Yup, that was what he’d been reduced to—a charity case.

“I’m happy to do what I can, Judge.” Elise’s parting smile was sunny. So why didn’t Jack feel more relieved?

 

 

When the doorbell rang, Elise was satisfied. Her house was cleaner than it had been in a long time. She’d changed the sheets, put out fresh towels, and squeezed in time for a proper bath. With perfumed bath salts, even. She was wearing her cherry-red silk shorty robe and precious little else.

She was ready for sex. Good old-fashioned, rumple-the-sheets, make-the-earth-move sex. She smelled good. She looked good. And she felt both in control and curiously empowered by her decision to sleep with Blackjack McIntyre. She reached for the doorknob just as the bell rang again.

“Hi.” She smiled at him. “Come on in.”

He looked very formal. Impeccable gray flannel overcoat, open over a dashing suit. He might be infuriating, but the man could dress. Elise salivated, thinking about taking all that clothing off him, one piece at a time.

“These are for you.” He handed her a bag with a florist’s logo. Inside was a shallow box holding an arrangement of roses and lilies in a crystal bowl.

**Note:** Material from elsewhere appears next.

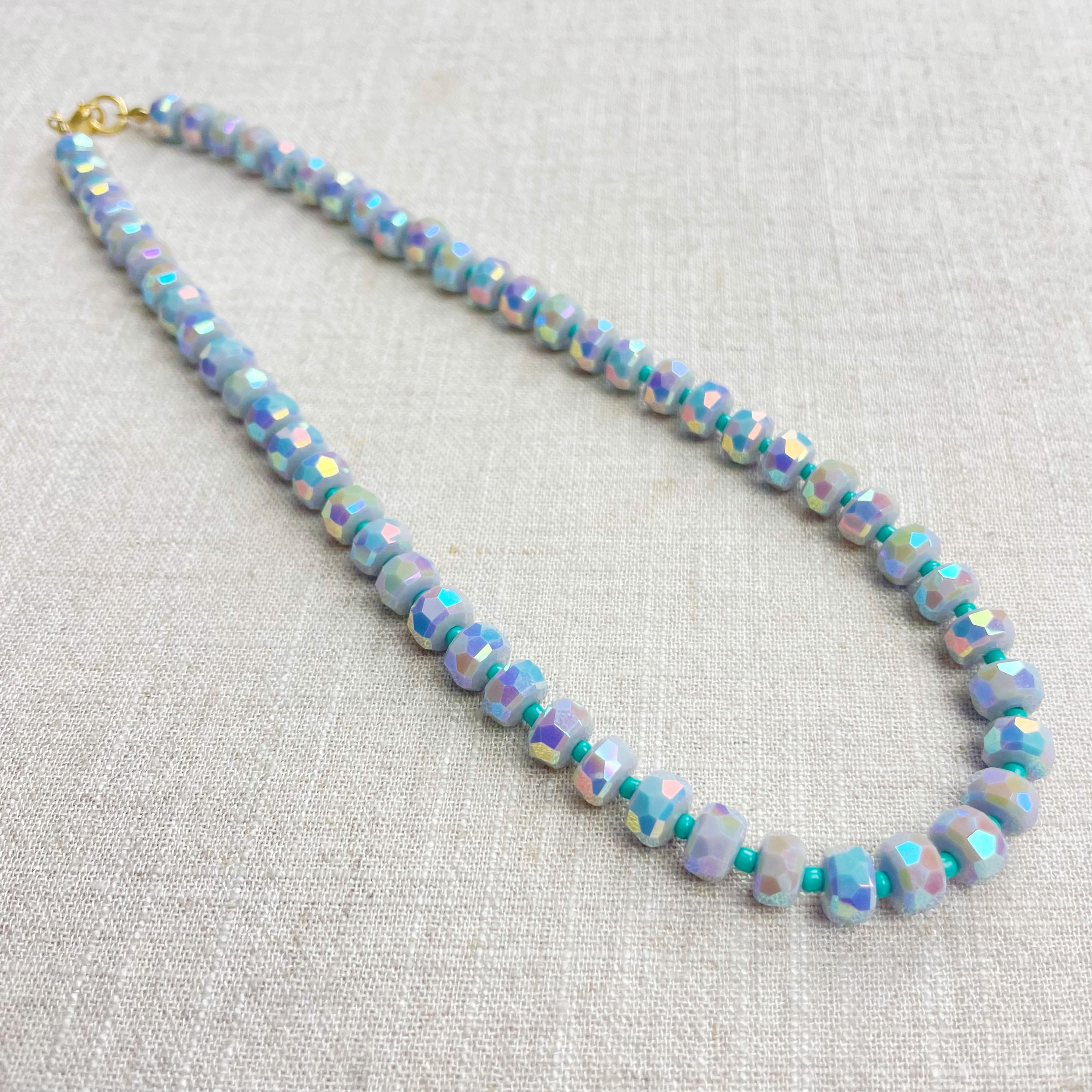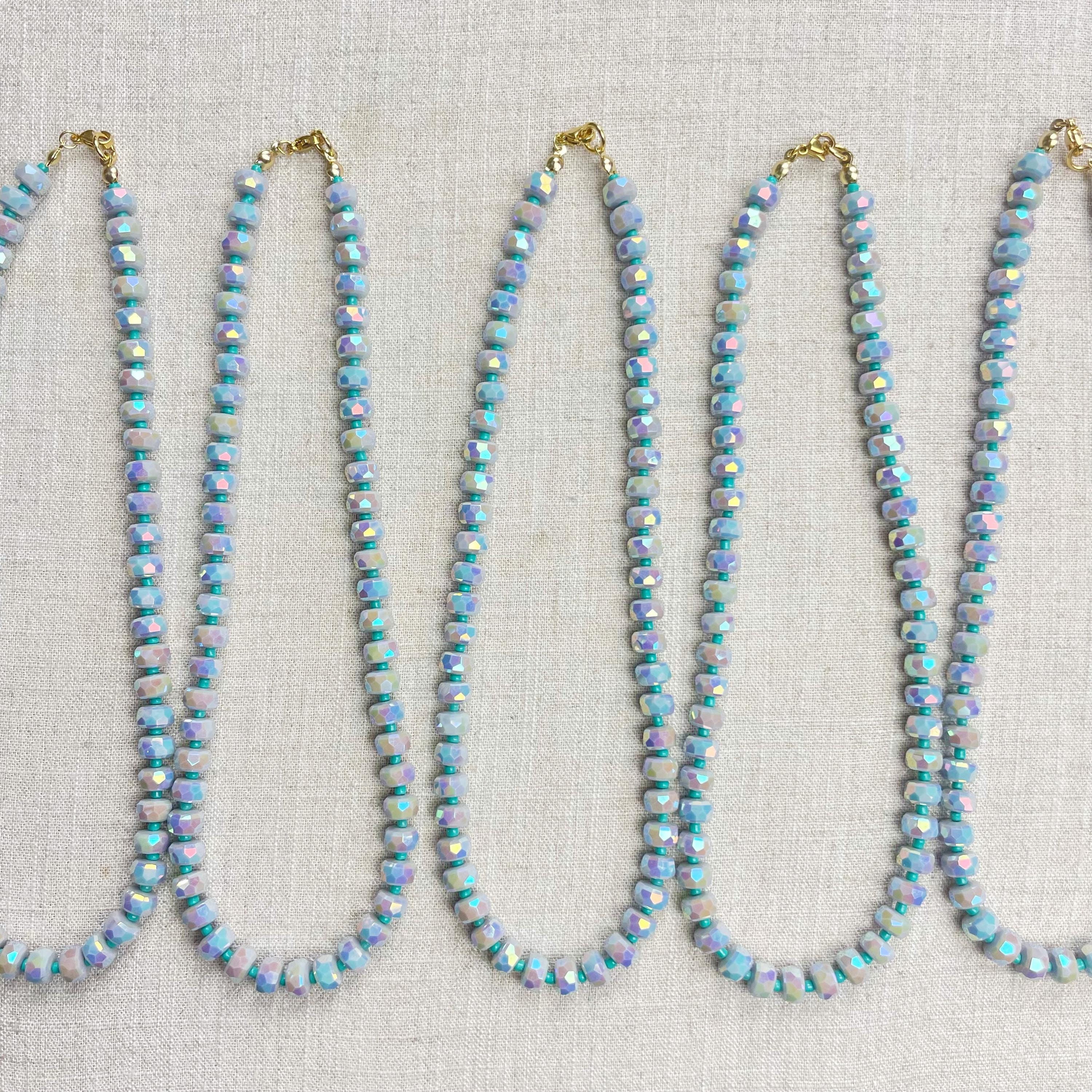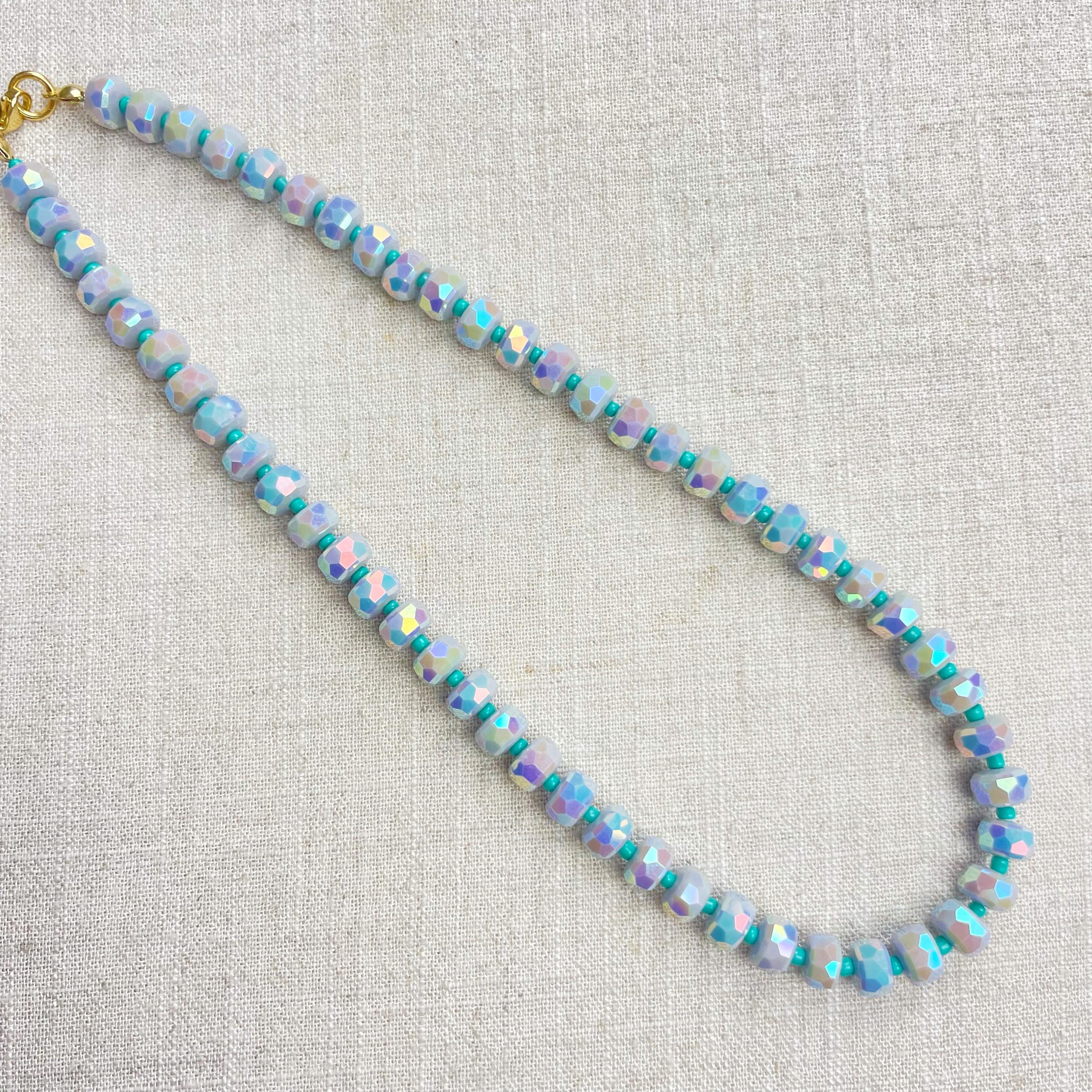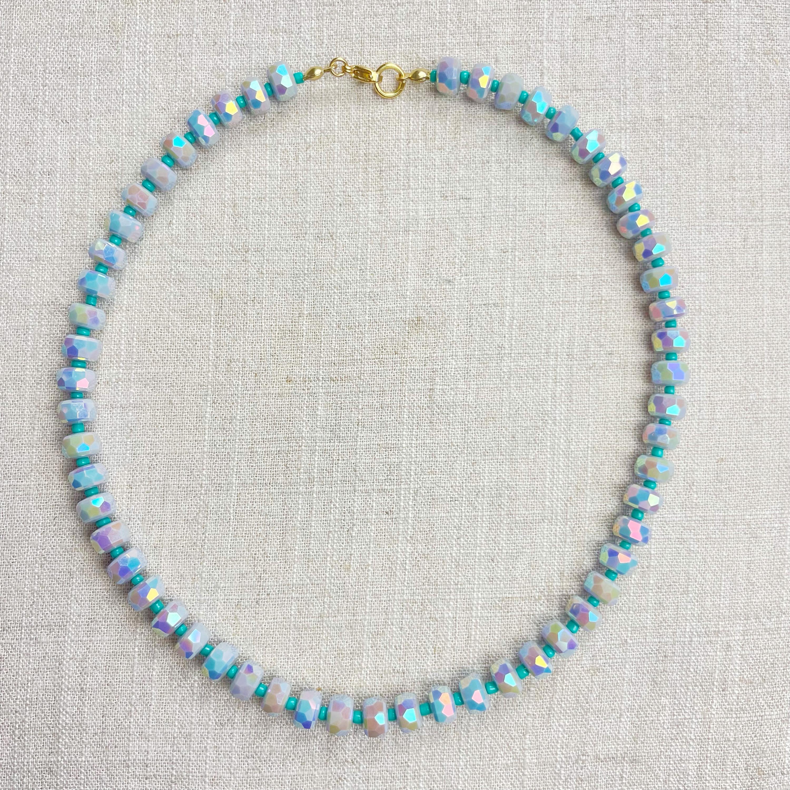 This necklace is made from beautiful czech glass faceted beads which have an iridescent coloring. Small glass seed beads are between the large beads. The czech glass beads are 8mm. Each necklace is strung on a stainless steel beading wire. The necklace is finished off with a gold plated stainless steel lobster clasp and a logo charm.

“Ooh, these are stunning.” She waved at the hall coat closet as she walked toward the kitchen. “You can hang your coat there.”

Elise glanced back. He was still wearing the coat, and he was frowning, presumably annoyed that things weren’t going as planned. She wanted to laugh at how predictable he was.

She unpacked the bouquet, admired the bowl, and put the flowers in pride of place on her dining room table. Maybe later she would put them in the bedroom.

“I made a reservation for seven-thirty,” Jack said carefully. He was standing in the doorway of the living room, ready to head right out. He held his wrist like he wanted to refer to his watch but was too polite.

Elise grinned at him and pointed. “The phone’s over there. You can cancel the reservation.”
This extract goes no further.